STORED DATA -

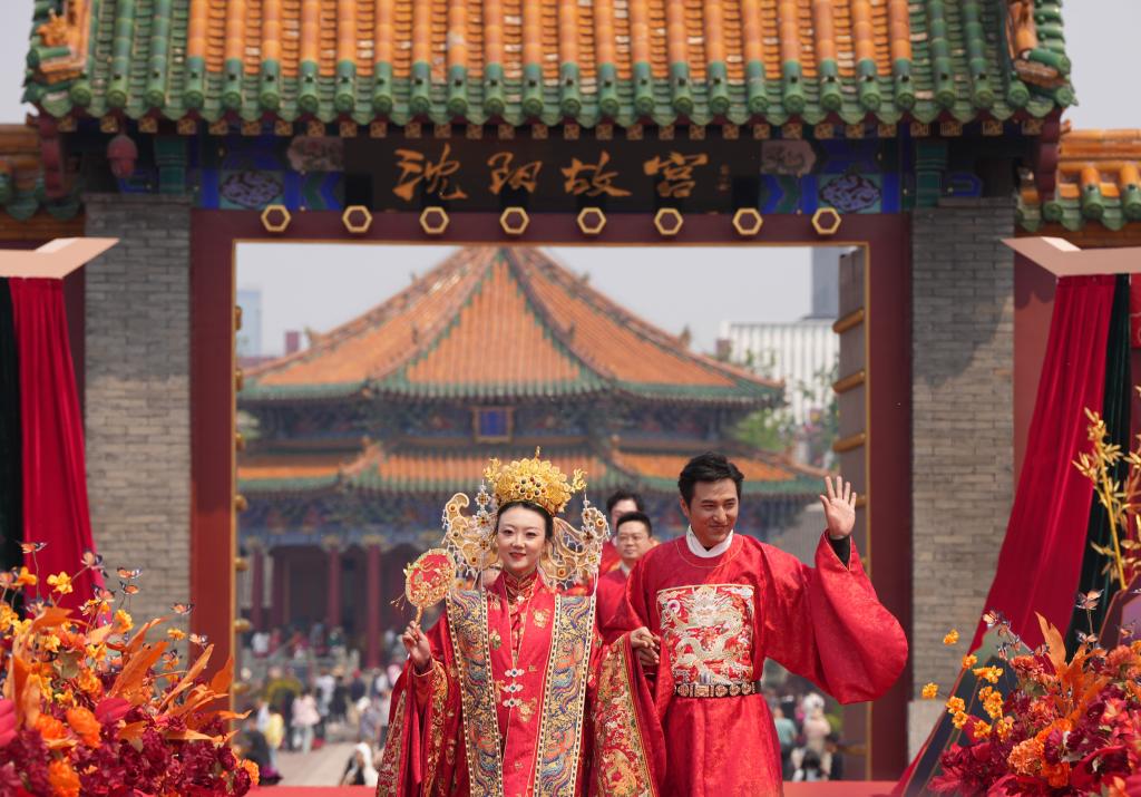شنيانغ 23 مايو 2025 (شينخوا) في الصورة الملتقطة يوم 22 مايو 2025، مشهد لحفل زفاف جماعي عقد في الساحة الجنوبية لقصر شنيانغ الإمبراطوري في مدينة شنيانغ، حاضرة مقاطعة لياونينغ بشمال شرقي الصين، حيث تزوج 52 زوجا بحضور أقاربهم وأصدقائهم.
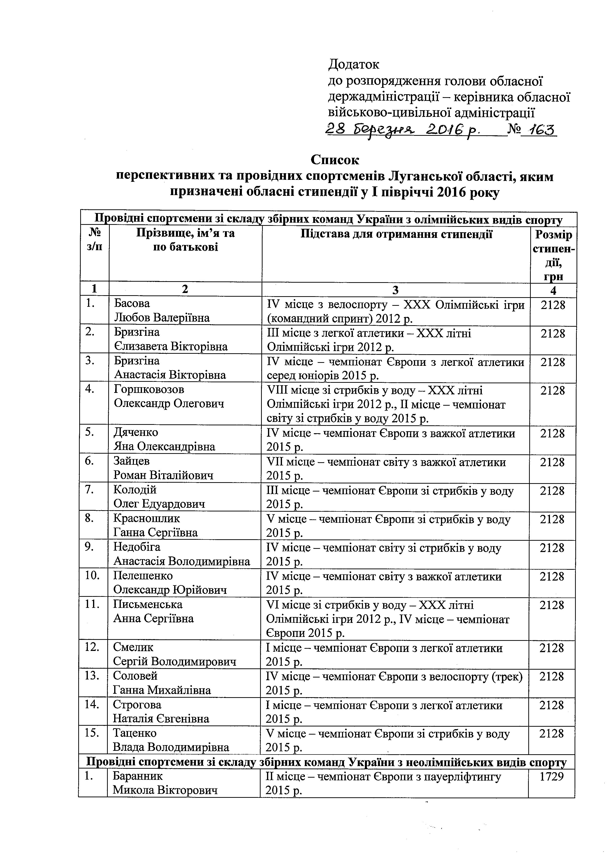 Згідно розпорядження у І півріччі 2016 року 64 перспективних та провідних спортсмени Луганської області отримуватимуть щомісячну обласну стипендію.
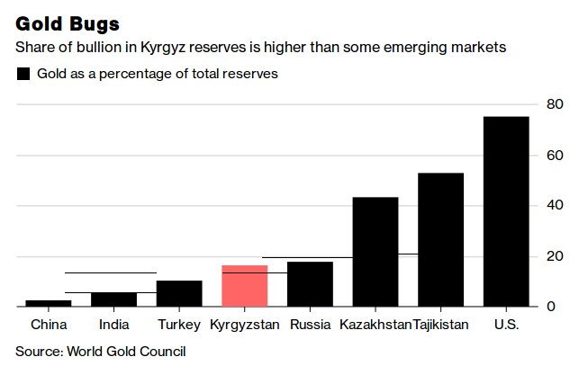"..At least that’s what Kyrgyzstan’s central bank is doing in a bid to protect itself from currency volatility in China and Russia. The central Asian nation hopes to grow the share of gold in its $2 billion international reserves to 50 percent from around 16 percent now....
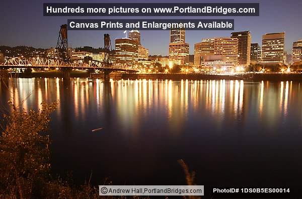 Portland Cityscape, Willamette River, Hawthorne Bridge, Dusk
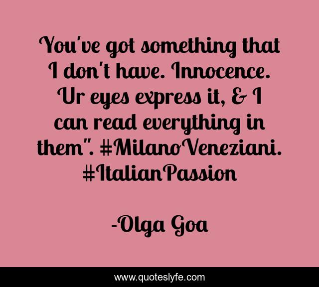 This page presents the quote "You've got something that I don't have. Innocence. Ur eyes express it, & I can read everything in them". #MilanoVeneziani. #ItalianPassion". Author of this quote is Olga Goa. This quote is about italy, english, books, russian-literature, italian-literature, russia, rome, passion, bookworm,.
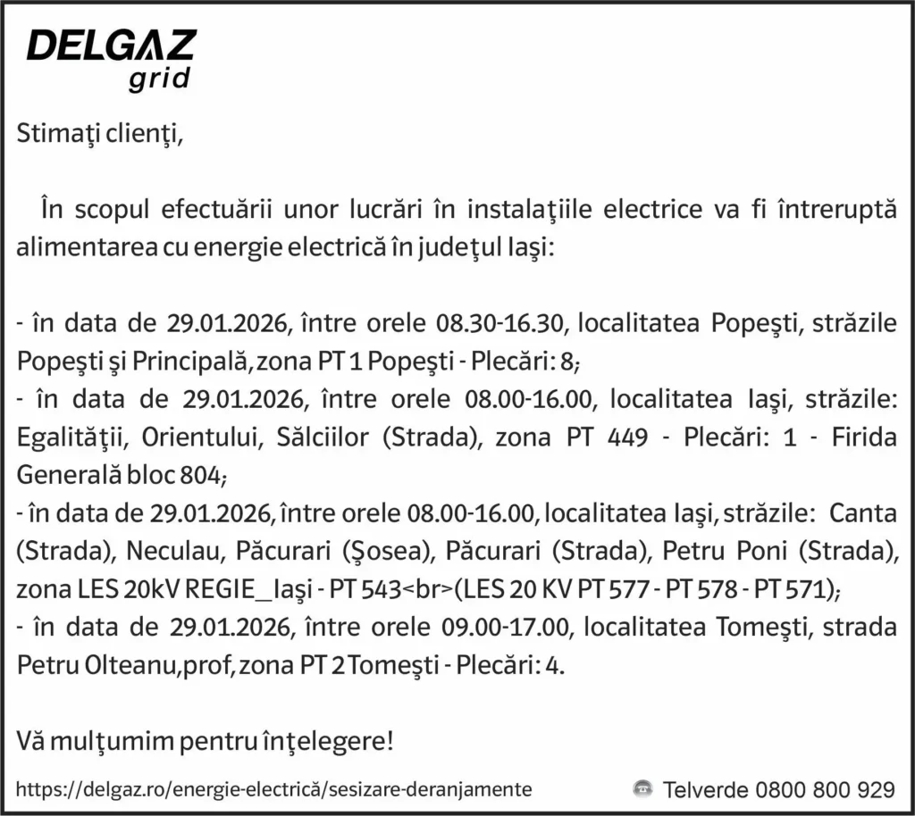 Anunțuri Delgaz gridAnunț Delgaz Grid 27 ianuarie 2026 / 1 de Răzvan GrecuJanuary 26, 2026January 26, 202602 Share0
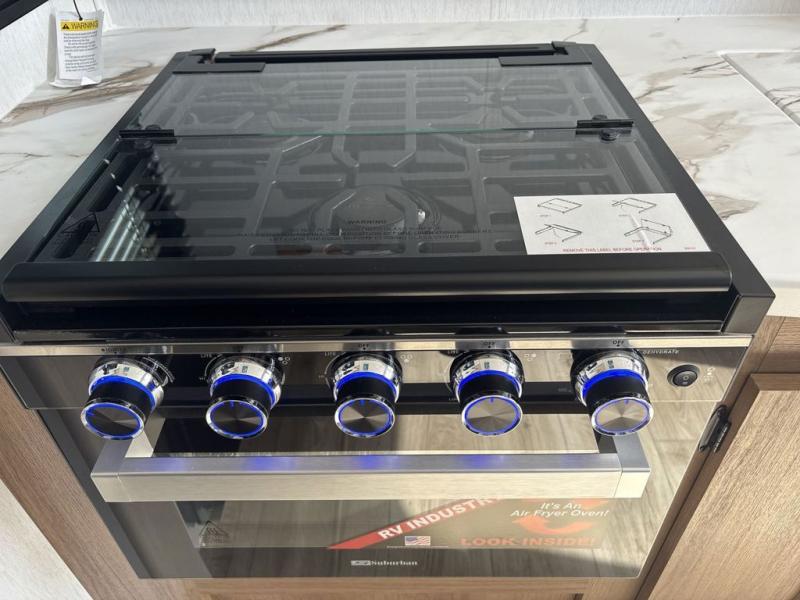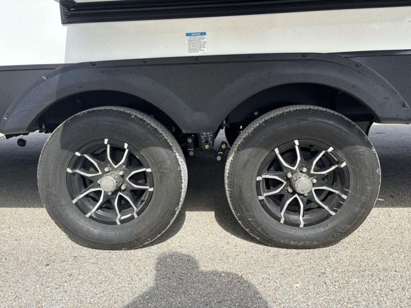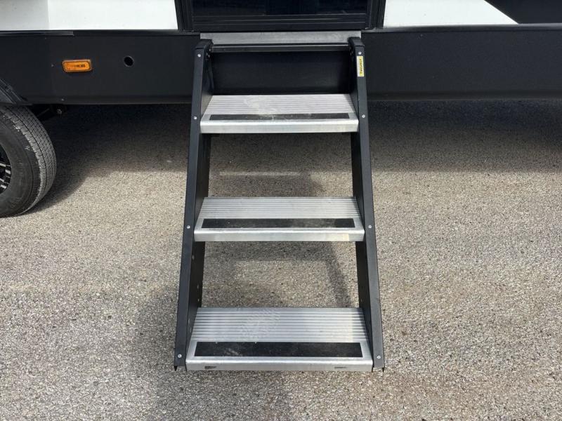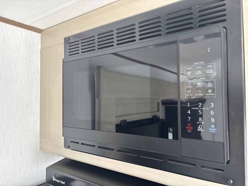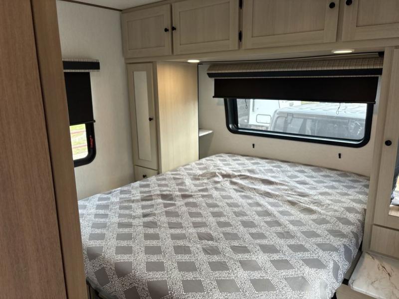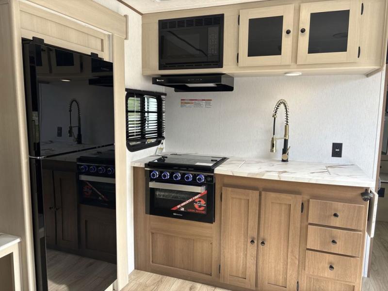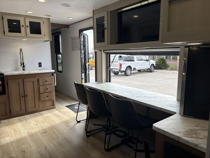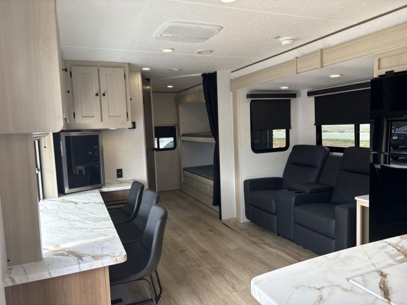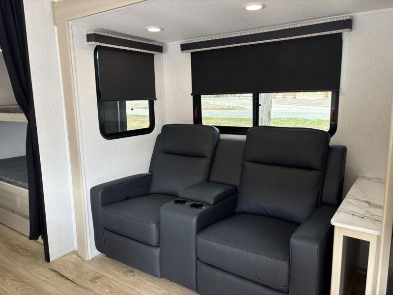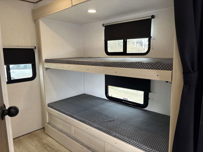 This travel trailer resembles the layout of 242BARV, but you'll enjoy the added semi-private bunkhouse in this unit. There is a 30" x 74" bottom bunk with storage and a 30" x 74" tilt-up bunk above, plus a wardrobe and flip-up TV prep in the wall. The owners will enjoy the front private bedroom with a 60 x 80 queen bed with super storage, dual wardrobes beside the bed and a overhead cabinet. In the kitchen area you will find a 12V refrigerator, pantry, three burner cooktop and a bar countertop with chairs. There is also a tri-fold sofa slide for more seating and sleeping space. This unit also includes a spacious full bath with one of the dual entry doors to the unit for added convenience!

YOUR TASK - Set the pictures aside and retype exactly the lines above from the line with "Згідно розпорядження у" to the line with "Anunțuri Delgaz gridAnunț", both included, adding no others.

OUTPUT FOR THIS EXERCISE -
 Згідно розпорядження у І півріччі 2016 року 64 перспективних та провідних спортсмени Луганської області отримуватимуть щомісячну обласну стипендію.
"..At least that’s what Kyrgyzstan’s central bank is doing in a bid to protect itself from currency volatility in China and Russia. The central Asian nation hopes to grow the share of gold in its $2 billion international reserves to 50 percent from around 16 percent now....
 Portland Cityscape, Willamette River, Hawthorne Bridge, Dusk
 This page presents the quote "You've got something that I don't have. Innocence. Ur eyes express it, & I can read everything in them". #MilanoVeneziani. #ItalianPassion". Author of this quote is Olga Goa. This quote is about italy, english, books, russian-literature, italian-literature, russia, rome, passion, bookworm,.
 Anunțuri Delgaz gridAnunț Delgaz Grid 27 ianuarie 2026 / 1 de Răzvan GrecuJanuary 26, 2026January 26, 202602 Share0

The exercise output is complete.